■ **What the task requires**
Leaving all pictures aside, write out the records below precisely as given.

Stored dataset items:
+ + + +
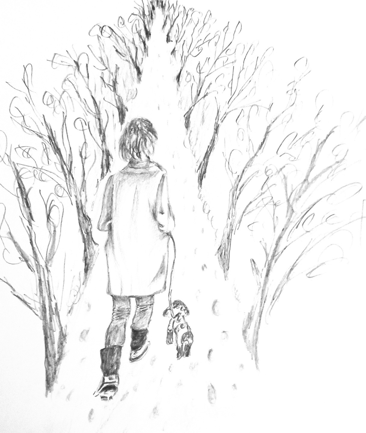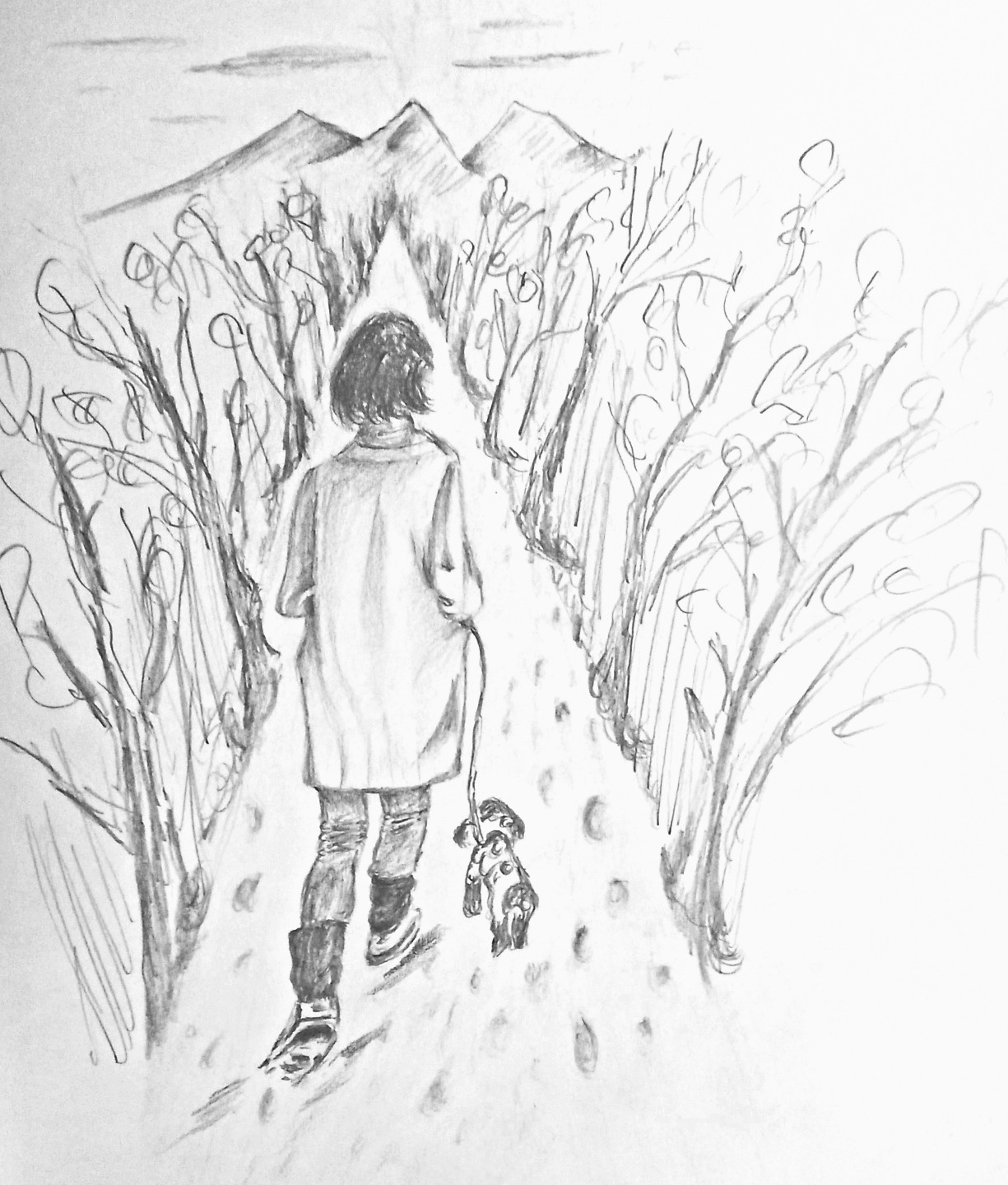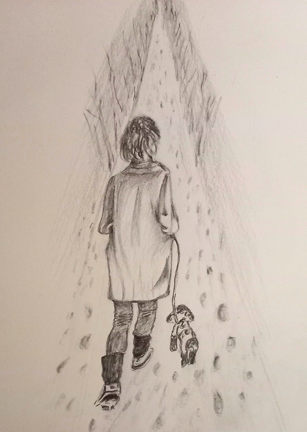위 그림에서 처음 그림(왼쪽 1차시도)은 원근법을 익히지 못한 상태에서 사람과 강아지를 그린 것이고,
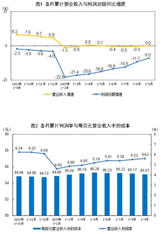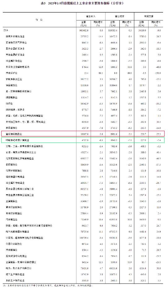 值得關(guān)注的是,造紙和紙制品業(yè)實現(xiàn)利潤總額220.7億元,同比下降25.3%;印刷和記錄媒介復(fù)制業(yè)實現(xiàn)利潤總額227.9億元,同比下降7.4%。 1—9月份,規(guī)模以上工業(yè)企業(yè)實現(xiàn)營業(yè)收入96.35萬億元,同比持平;發(fā)生營業(yè)成本81.96萬億元,增長0.3%;營業(yè)收入利潤率為5.62%,同比下降0.55個百分點。其中,造紙和紙制品業(yè)實現(xiàn)營業(yè)收入10067.6億元,同比下降3.6%;印刷和記錄媒介復(fù)制業(yè)實現(xiàn)營業(yè)收入4707.0億元,同比下降6.3%。 9月末,規(guī)模以上工業(yè)企業(yè)資產(chǎn)總計164.40萬億元,同比增長6.4%;負(fù)債合計94.63萬億元,增長6.7%;所有者權(quán)益合計69.77萬億元,增長6.0%;資產(chǎn)負(fù)債率為57.6%,同比上升0.2個百分點。 9月末,規(guī)模以上工業(yè)企業(yè)應(yīng)收賬款23.75萬億元,同比增長9.7%;產(chǎn)成品存貨6.13萬億元,增長3.1%。 1—9月份,規(guī)模以上工業(yè)企業(yè)每百元營業(yè)收入中的成本為85.07元,同比增加0.30元;每百元營業(yè)收入中的費用為8.34元,同比增加0.28元。 9月末,規(guī)模以上工業(yè)企業(yè)每百元資產(chǎn)實現(xiàn)的營業(yè)收入為80.1元,同比減少5.8元;人均營業(yè)收入為177.4萬元,同比增加6.0萬元;產(chǎn)成品存貨周轉(zhuǎn)天數(shù)為20.0天,同比增加1.2天;應(yīng)收賬款平均回收期為63.0天,同比增加5.9天。 9月份,規(guī)模以上工業(yè)企業(yè)實現(xiàn)利潤同比增長11.9%。 國家統(tǒng)計局工業(yè)司統(tǒng)計師于衛(wèi)寧解讀工業(yè)企業(yè)利潤數(shù)據(jù)表示,前三季度,隨著宏觀政策“組合拳”效果不斷顯現(xiàn),市場需求持續(xù)改善,工業(yè)生產(chǎn)平穩(wěn)增長,工業(yè)企業(yè)營收利潤持續(xù)恢復(fù)向好,企業(yè)效益狀況呈現(xiàn)以下主要特點:工業(yè)企業(yè)利潤逐季回升,當(dāng)季利潤由降轉(zhuǎn)增。企業(yè)當(dāng)季營收由降轉(zhuǎn)增,帶動利潤加快改善。三大門類利潤均有改善,六成行業(yè)利潤好轉(zhuǎn)。原材料制造業(yè)利潤降幅顯著收窄。消費品制造業(yè)利潤明顯好轉(zhuǎn)。不同類型企業(yè)利潤均有回升。企業(yè)單位成本下降,營業(yè)收入利潤率提高。總體看,前三季度工業(yè)企業(yè)利潤逐季改善,恢復(fù)向好態(tài)勢明顯。
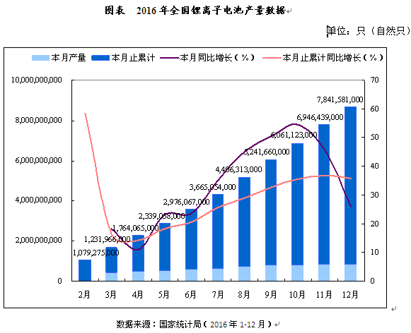中投顾问发布的《2017-2021年中国锂电池行业投资分析及前景预测报告》数据显示:2016年1-12月,全国锂离子电池累计产量为7,841,581,000只(自然只),与上年同期相比增长了35.8%。其中,12月份锂离子电池产量最高,为844,143,000只(自然只),与上年同期相比增长了26.1%;其次是11月份,单月产量为839,605,000只(自然只),与上年同期相比增长了45.6%;最少是3月份,单月产量为443,646,000只(自然只),与上年同期相比增长了18.2%。
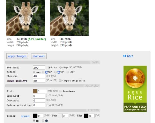 進(jìn)入網(wǎng)站后,點(diǎn)擊紅色的resize photos now現(xiàn)在調(diào)整照片,上傳圖片(最大5M),然后就可以設(shè)置選項(xiàng),主要是Image quality:壓縮質(zhì)量,數(shù)值越小圖片越小質(zhì)量越不好,自行選擇。選好后,點(diǎn)擊apply changes應(yīng)用修改,滿意的話可以點(diǎn)擊download this image下載圖片,搞定。
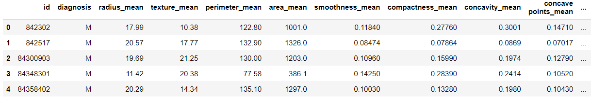 > breast.head()를 통해서 데이터의 전반적인 모습을 확인할 수 있다.
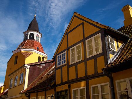 Classical old bell tower landmark of the old city Faaborg Denmark
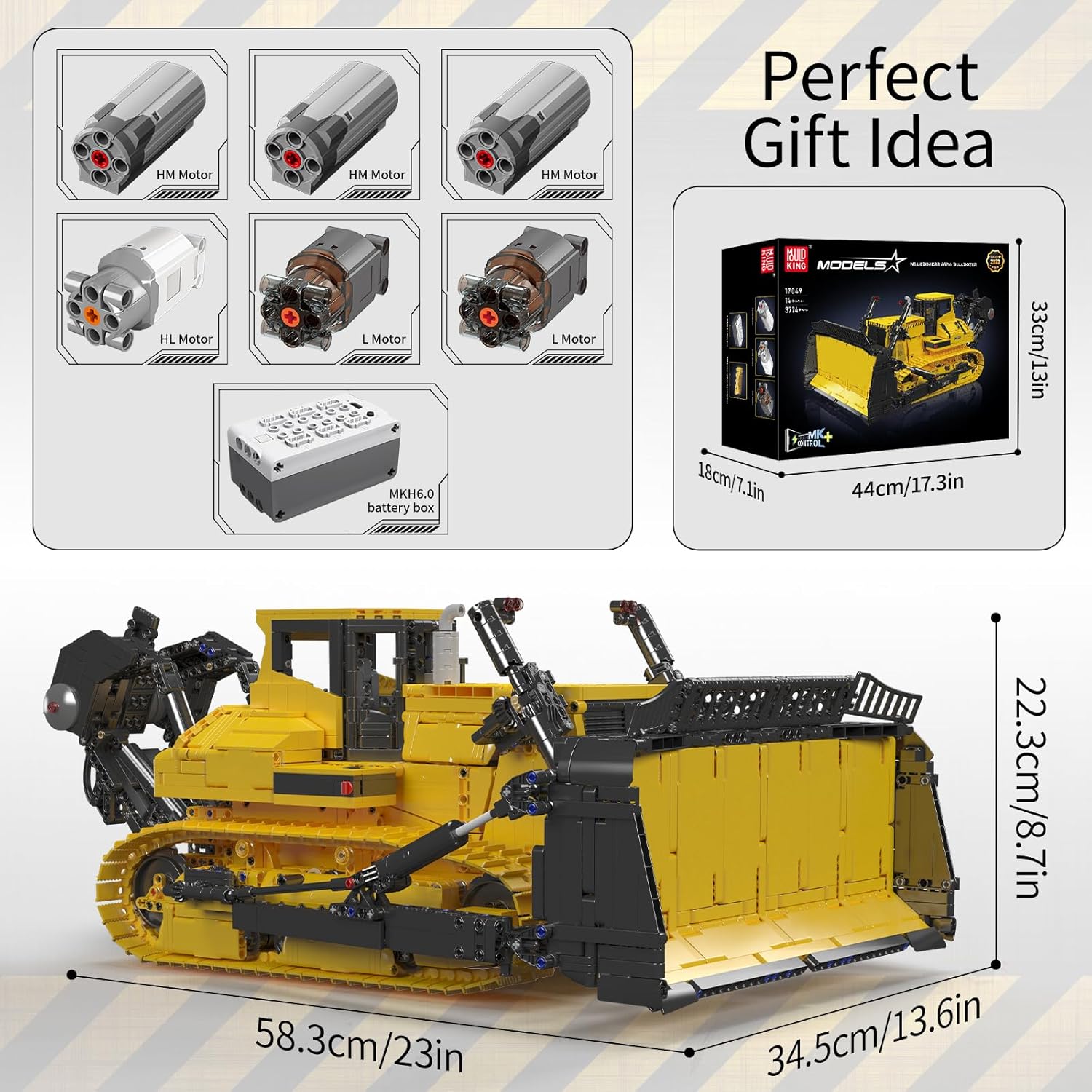 Mould King 17049 Technik Bulldozer Bausteine, App-gesteuerter Raupenbagger mit 6 Motoren Bausätze Spielzeug Geschenke Set für Erwachsene (3774 Teile), Gelb | قیمت یورویی 229.99€
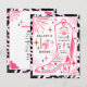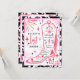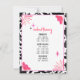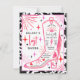 Invitation de fête d'enterrement de vie de célibataire sur le thème de la dernière cowgirl disco avec illustration d'une botte de cowgirl avec franges, rose, éclair, cœurs et étoiles avec un schéma de couleurs rouge, rose et noir. La bordure est imprimée vache. Le verso comporte l'itinéraire.
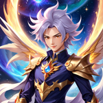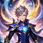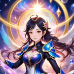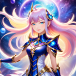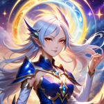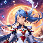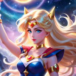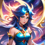 a woman in a blue and gold outfit holding a star
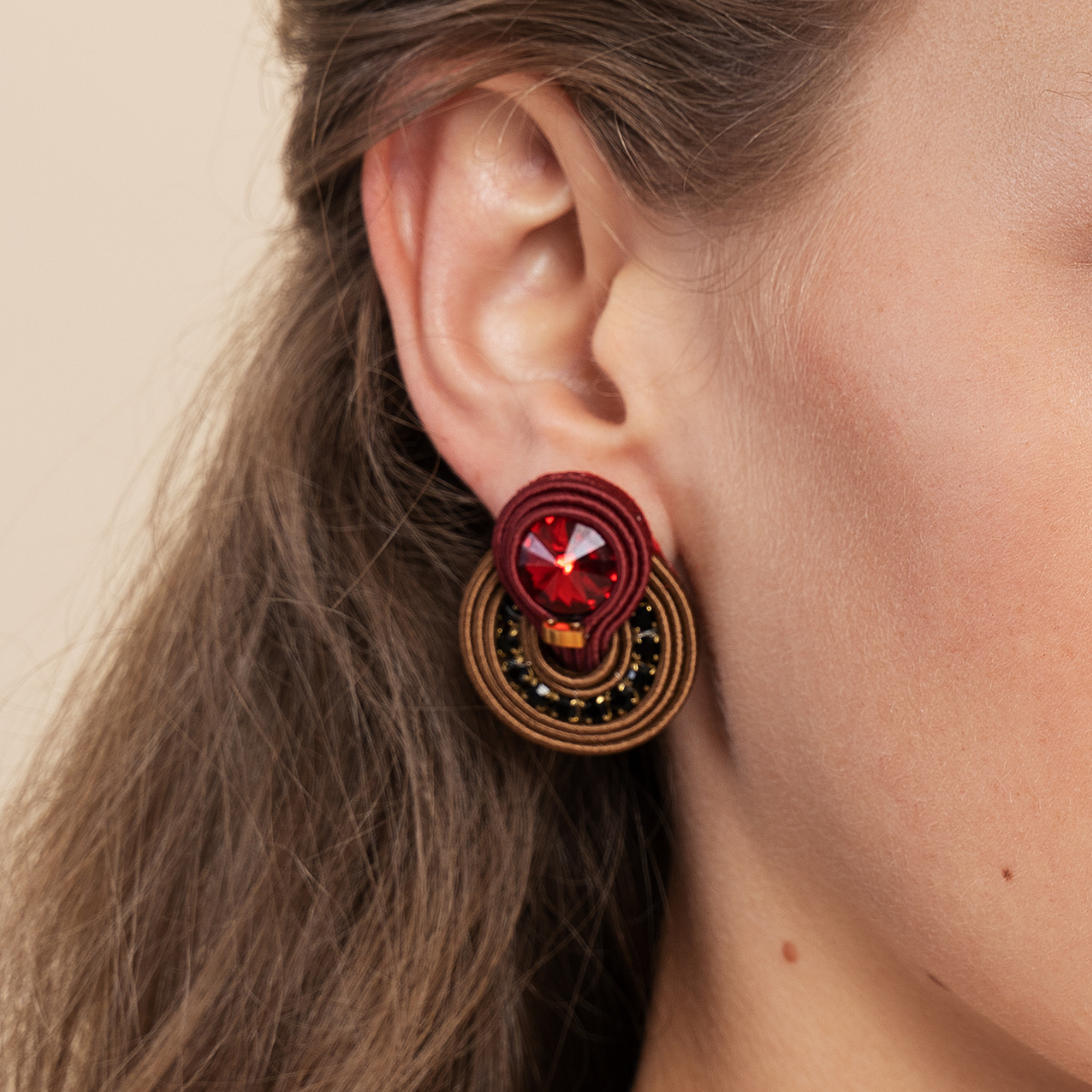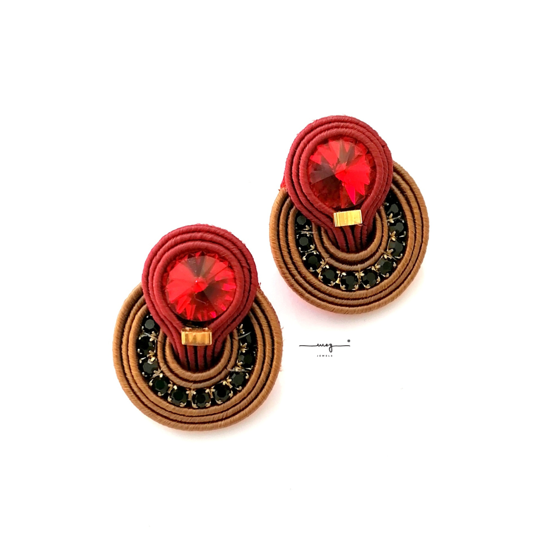 Earrings small size, 'Oriente' Collection by MEG Jewels®. Entirely hand-sewn, made of Italian yarns, premium crystals, nickle free pins, Alcantara. Certificate of guarantee and authenticity.
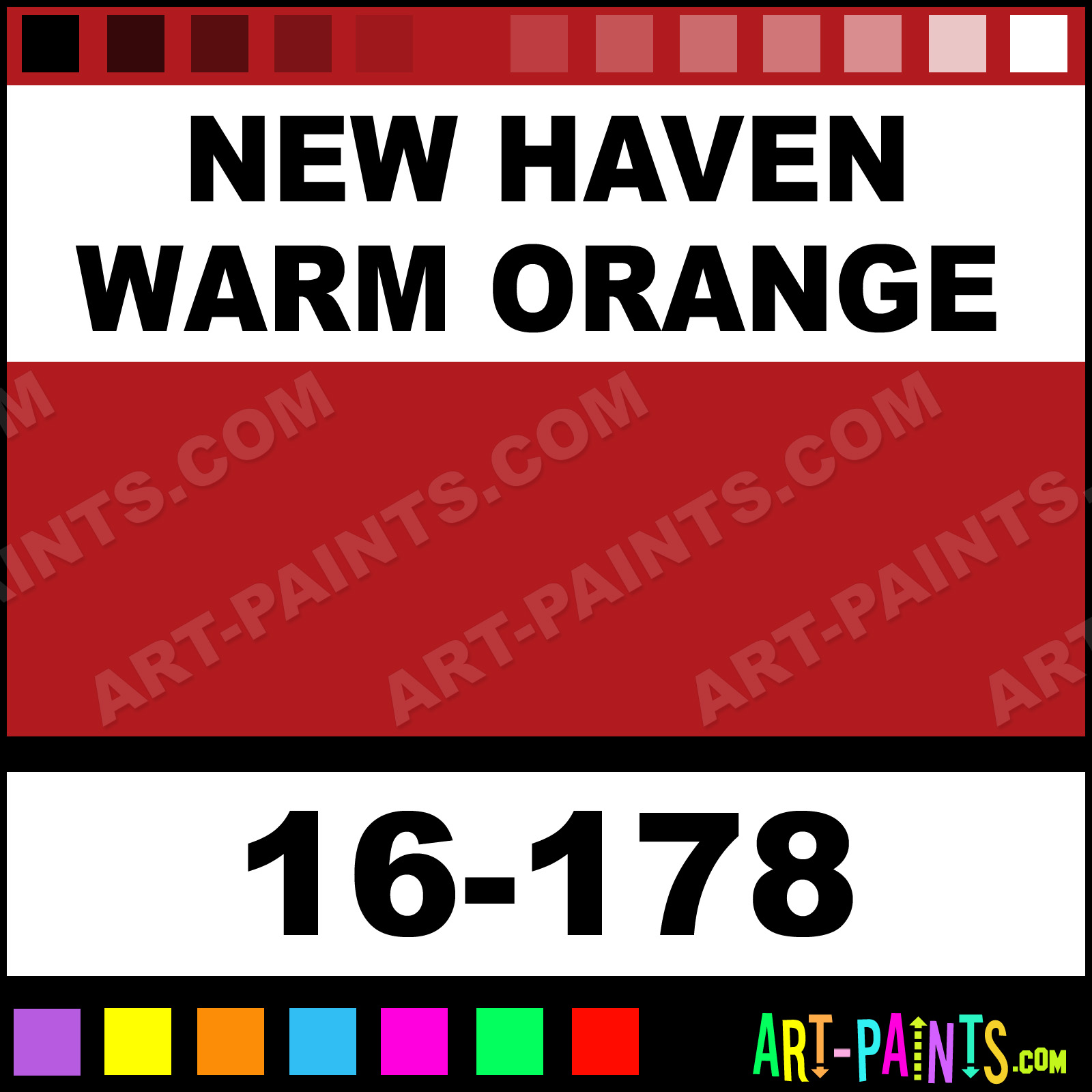 This beautiful ModelFlex Railroad Airbrush shade is called New Haven Warm Orange, and comes from a company called Badger. Their product number, along with the HTML color code, RGB, and CMYK codes are listed below. This Beautiful Shade of New Haven Warm Orange and others can be found in the Badger ModelFlex Railroad Art Spray Paint Gallery! Also be sure to browse through the other wonderful Professional Color Galleries to see more of Badger ModelFlex Railroad Airbrush Brand Spray Paints and other Spray Paint Manufacturers. And as always, Paint Paint Paint!   -Art-Paints.com
+ + + +
■ **Expected answer**
위 그림에서 처음 그림(왼쪽 1차시도)은 원근법을 익히지 못한 상태에서 사람과 강아지를 그린 것이고,
 值得關(guān)注的是,造紙和紙制品業(yè)實現(xiàn)利潤總額220.7億元,同比下降25.3%;印刷和記錄媒介復(fù)制業(yè)實現(xiàn)利潤總額227.9億元,同比下降7.4%。 1—9月份,規(guī)模以上工業(yè)企業(yè)實現(xiàn)營業(yè)收入96.35萬億元,同比持平;發(fā)生營業(yè)成本81.96萬億元,增長0.3%;營業(yè)收入利潤率為5.62%,同比下降0.55個百分點。其中,造紙和紙制品業(yè)實現(xiàn)營業(yè)收入10067.6億元,同比下降3.6%;印刷和記錄媒介復(fù)制業(yè)實現(xiàn)營業(yè)收入4707.0億元,同比下降6.3%。 9月末,規(guī)模以上工業(yè)企業(yè)資產(chǎn)總計164.40萬億元,同比增長6.4%;負(fù)債合計94.63萬億元,增長6.7%;所有者權(quán)益合計69.77萬億元,增長6.0%;資產(chǎn)負(fù)債率為57.6%,同比上升0.2個百分點。 9月末,規(guī)模以上工業(yè)企業(yè)應(yīng)收賬款23.75萬億元,同比增長9.7%;產(chǎn)成品存貨6.13萬億元,增長3.1%。 1—9月份,規(guī)模以上工業(yè)企業(yè)每百元營業(yè)收入中的成本為85.07元,同比增加0.30元;每百元營業(yè)收入中的費用為8.34元,同比增加0.28元。 9月末,規(guī)模以上工業(yè)企業(yè)每百元資產(chǎn)實現(xiàn)的營業(yè)收入為80.1元,同比減少5.8元;人均營業(yè)收入為177.4萬元,同比增加6.0萬元;產(chǎn)成品存貨周轉(zhuǎn)天數(shù)為20.0天,同比增加1.2天;應(yīng)收賬款平均回收期為63.0天,同比增加5.9天。 9月份,規(guī)模以上工業(yè)企業(yè)實現(xiàn)利潤同比增長11.9%。 國家統(tǒng)計局工業(yè)司統(tǒng)計師于衛(wèi)寧解讀工業(yè)企業(yè)利潤數(shù)據(jù)表示,前三季度,隨著宏觀政策“組合拳”效果不斷顯現(xiàn),市場需求持續(xù)改善,工業(yè)生產(chǎn)平穩(wěn)增長,工業(yè)企業(yè)營收利潤持續(xù)恢復(fù)向好,企業(yè)效益狀況呈現(xiàn)以下主要特點:工業(yè)企業(yè)利潤逐季回升,當(dāng)季利潤由降轉(zhuǎn)增。企業(yè)當(dāng)季營收由降轉(zhuǎn)增,帶動利潤加快改善。三大門類利潤均有改善,六成行業(yè)利潤好轉(zhuǎn)。原材料制造業(yè)利潤降幅顯著收窄。消費品制造業(yè)利潤明顯好轉(zhuǎn)。不同類型企業(yè)利潤均有回升。企業(yè)單位成本下降,營業(yè)收入利潤率提高。總體看,前三季度工業(yè)企業(yè)利潤逐季改善,恢復(fù)向好態(tài)勢明顯。
中投顾问发布的《2017-2021年中国锂电池行业投资分析及前景预测报告》数据显示:2016年1-12月,全国锂离子电池累计产量为7,841,581,000只(自然只),与上年同期相比增长了35.8%。其中,12月份锂离子电池产量最高,为844,143,000只(自然只),与上年同期相比增长了26.1%;其次是11月份,单月产量为839,605,000只(自然只),与上年同期相比增长了45.6%;最少是3月份,单月产量为443,646,000只(自然只),与上年同期相比增长了18.2%。
 進(jìn)入網(wǎng)站后,點(diǎn)擊紅色的resize photos now現(xiàn)在調(diào)整照片,上傳圖片(最大5M),然后就可以設(shè)置選項(xiàng),主要是Image quality:壓縮質(zhì)量,數(shù)值越小圖片越小質(zhì)量越不好,自行選擇。選好后,點(diǎn)擊apply changes應(yīng)用修改,滿意的話可以點(diǎn)擊download this image下載圖片,搞定。
 > breast.head()를 통해서 데이터의 전반적인 모습을 확인할 수 있다.
 Classical old bell tower landmark of the old city Faaborg Denmark
 Mould King 17049 Technik Bulldozer Bausteine, App-gesteuerter Raupenbagger mit 6 Motoren Bausätze Spielzeug Geschenke Set für Erwachsene (3774 Teile), Gelb | قیمت یورویی 229.99€
 Invitation de fête d'enterrement de vie de célibataire sur le thème de la dernière cowgirl disco avec illustration d'une botte de cowgirl avec franges, rose, éclair, cœurs et étoiles avec un schéma de couleurs rouge, rose et noir. La bordure est imprimée vache. Le verso comporte l'itinéraire.
 a woman in a blue and gold outfit holding a star
 Earrings small size, 'Oriente' Collection by MEG Jewels®. Entirely hand-sewn, made of Italian yarns, premium crystals, nickle free pins, Alcantara. Certificate of guarantee and authenticity.
 This beautiful ModelFlex Railroad Airbrush shade is called New Haven Warm Orange, and comes from a company called Badger. Their product number, along with the HTML color code, RGB, and CMYK codes are listed below. This Beautiful Shade of New Haven Warm Orange and others can be found in the Badger ModelFlex Railroad Art Spray Paint Gallery! Also be sure to browse through the other wonderful Professional Color Galleries to see more of Badger ModelFlex Railroad Airbrush Brand Spray Paints and other Spray Paint Manufacturers. And as always, Paint Paint Paint!   -Art-Paints.com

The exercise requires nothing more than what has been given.